Работа проводилась на кафедре фундаментальной и клинической неврологии с курсами нейрохирургии, лабораторной, функциональной и нейролучевой диагностики Российского государственного медицинского университета на базе блока интенсивной терапии и неврологических отделений ГКБ №20. В основу работы положены результаты обследования 70 больных в возрасте от 50 до 73 лет (муж - 43, жен - 27) в остром периоде впервые развившегося каротидного ишемического инсульта, поступивших в первые 12 часов от момента заболевания.

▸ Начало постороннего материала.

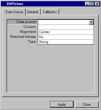 Data source | Menu: Names of current data sources. Default: No default. Explanation: Name of the data source to which the DbPicture gadget is to be connected. |

Диагноз острого нарушения мозгового кровообращения по ишемическому типу устанавливался на основании жалоб на остро возникшие расстройства речи, ассиметрию лица, слабость и онемение конечностей и др.; данных анамнеза (предшествующие заболевания сердечно-сосудистой системы и наличие факторов риска, показатели артериального давления); клинических критериев (неврологический осмотр с оценкой выраженности общемозговых, оболочечных и очаговых симптомов); данных дополнительных методов исследования (лабораторные исследования крови, спинномозговой жидкости, данные эхоэнцефалоскопии, осмотр глазного дна, рентгенография черепа, магнитно-резонансная томография головного мозга).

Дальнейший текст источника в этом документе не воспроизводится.